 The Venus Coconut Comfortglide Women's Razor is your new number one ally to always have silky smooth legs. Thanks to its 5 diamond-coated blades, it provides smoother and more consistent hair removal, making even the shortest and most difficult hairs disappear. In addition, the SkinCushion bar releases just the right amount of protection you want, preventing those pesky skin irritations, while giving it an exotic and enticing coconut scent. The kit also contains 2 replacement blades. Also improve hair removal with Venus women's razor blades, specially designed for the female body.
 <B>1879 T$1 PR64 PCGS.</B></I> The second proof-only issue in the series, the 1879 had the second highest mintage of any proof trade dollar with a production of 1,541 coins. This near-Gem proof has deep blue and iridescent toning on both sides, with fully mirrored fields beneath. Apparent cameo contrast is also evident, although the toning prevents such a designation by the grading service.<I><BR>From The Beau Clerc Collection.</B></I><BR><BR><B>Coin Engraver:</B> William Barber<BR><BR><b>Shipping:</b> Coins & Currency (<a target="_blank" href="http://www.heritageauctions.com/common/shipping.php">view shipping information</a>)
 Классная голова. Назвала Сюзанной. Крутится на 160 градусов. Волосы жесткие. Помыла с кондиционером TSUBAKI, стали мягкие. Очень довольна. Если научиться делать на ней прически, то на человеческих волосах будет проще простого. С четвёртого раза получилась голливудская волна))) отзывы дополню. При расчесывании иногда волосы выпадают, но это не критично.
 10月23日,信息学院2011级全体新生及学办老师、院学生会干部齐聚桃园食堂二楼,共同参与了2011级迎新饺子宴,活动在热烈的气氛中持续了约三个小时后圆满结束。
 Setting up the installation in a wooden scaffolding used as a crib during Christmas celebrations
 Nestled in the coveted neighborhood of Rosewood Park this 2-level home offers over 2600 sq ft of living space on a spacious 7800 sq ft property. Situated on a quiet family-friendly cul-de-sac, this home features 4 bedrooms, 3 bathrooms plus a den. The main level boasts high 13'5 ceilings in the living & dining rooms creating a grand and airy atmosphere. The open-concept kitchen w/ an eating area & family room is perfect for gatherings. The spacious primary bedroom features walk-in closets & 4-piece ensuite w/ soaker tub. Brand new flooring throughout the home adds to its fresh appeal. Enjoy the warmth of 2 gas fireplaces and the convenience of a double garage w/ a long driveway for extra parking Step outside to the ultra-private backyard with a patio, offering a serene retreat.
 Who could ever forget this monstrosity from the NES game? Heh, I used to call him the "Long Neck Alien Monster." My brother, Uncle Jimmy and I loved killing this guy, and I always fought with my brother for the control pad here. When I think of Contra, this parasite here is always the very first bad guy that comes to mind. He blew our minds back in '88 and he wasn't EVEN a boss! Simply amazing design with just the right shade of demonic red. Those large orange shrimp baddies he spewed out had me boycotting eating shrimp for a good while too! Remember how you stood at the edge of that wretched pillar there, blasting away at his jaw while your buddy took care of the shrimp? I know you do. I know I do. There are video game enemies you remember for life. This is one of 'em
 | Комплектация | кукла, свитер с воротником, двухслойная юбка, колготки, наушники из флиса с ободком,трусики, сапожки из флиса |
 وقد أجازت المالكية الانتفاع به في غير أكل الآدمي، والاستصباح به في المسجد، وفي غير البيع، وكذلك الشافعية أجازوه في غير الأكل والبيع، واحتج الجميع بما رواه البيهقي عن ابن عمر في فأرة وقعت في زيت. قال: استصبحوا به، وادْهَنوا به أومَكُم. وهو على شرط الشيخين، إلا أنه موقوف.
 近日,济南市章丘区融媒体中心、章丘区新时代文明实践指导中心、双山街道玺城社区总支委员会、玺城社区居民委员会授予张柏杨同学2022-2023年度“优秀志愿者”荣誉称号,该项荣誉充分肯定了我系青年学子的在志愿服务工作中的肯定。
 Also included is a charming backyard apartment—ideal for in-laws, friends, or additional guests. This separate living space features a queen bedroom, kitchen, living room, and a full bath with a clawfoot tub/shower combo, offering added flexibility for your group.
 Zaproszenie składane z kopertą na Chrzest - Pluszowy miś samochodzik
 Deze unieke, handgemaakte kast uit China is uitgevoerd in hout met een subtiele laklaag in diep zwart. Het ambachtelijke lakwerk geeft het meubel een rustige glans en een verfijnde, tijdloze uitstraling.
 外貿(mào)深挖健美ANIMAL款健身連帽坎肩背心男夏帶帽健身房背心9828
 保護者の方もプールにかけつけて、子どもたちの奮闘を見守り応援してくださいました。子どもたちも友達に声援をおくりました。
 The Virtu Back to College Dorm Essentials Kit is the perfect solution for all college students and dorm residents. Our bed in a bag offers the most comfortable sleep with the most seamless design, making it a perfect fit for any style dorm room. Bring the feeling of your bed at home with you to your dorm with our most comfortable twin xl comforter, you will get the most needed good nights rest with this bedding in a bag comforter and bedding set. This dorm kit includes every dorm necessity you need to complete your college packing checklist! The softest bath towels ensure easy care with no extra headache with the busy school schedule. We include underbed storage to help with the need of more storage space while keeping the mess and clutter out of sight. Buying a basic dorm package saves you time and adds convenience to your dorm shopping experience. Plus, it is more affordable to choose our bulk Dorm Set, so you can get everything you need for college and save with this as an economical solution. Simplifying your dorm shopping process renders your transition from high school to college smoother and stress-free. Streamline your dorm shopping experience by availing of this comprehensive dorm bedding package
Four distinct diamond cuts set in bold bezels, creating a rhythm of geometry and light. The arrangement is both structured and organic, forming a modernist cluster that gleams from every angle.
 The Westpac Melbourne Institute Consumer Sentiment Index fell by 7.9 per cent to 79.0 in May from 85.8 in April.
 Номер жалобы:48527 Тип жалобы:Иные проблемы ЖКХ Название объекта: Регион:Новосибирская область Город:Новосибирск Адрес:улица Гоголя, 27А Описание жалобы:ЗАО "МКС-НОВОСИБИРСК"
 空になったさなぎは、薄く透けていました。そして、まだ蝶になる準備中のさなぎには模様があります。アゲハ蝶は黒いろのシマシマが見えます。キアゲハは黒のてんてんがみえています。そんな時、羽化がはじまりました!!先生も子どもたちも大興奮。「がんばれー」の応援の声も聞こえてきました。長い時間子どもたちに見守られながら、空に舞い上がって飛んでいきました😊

- - -

- [Exercise directions]
Copy out every line of the data that includes the word "diamond".

- [Response below]
 The Venus Coconut Comfortglide Women's Razor is your new number one ally to always have silky smooth legs. Thanks to its 5 diamond-coated blades, it provides smoother and more consistent hair removal, making even the shortest and most difficult hairs disappear. In addition, the SkinCushion bar releases just the right amount of protection you want, preventing those pesky skin irritations, while giving it an exotic and enticing coconut scent. The kit also contains 2 replacement blades. Also improve hair removal with Venus women's razor blades, specially designed for the female body.
Four distinct diamond cuts set in bold bezels, creating a rhythm of geometry and light. The arrangement is both structured and organic, forming a modernist cluster that gleams from every angle.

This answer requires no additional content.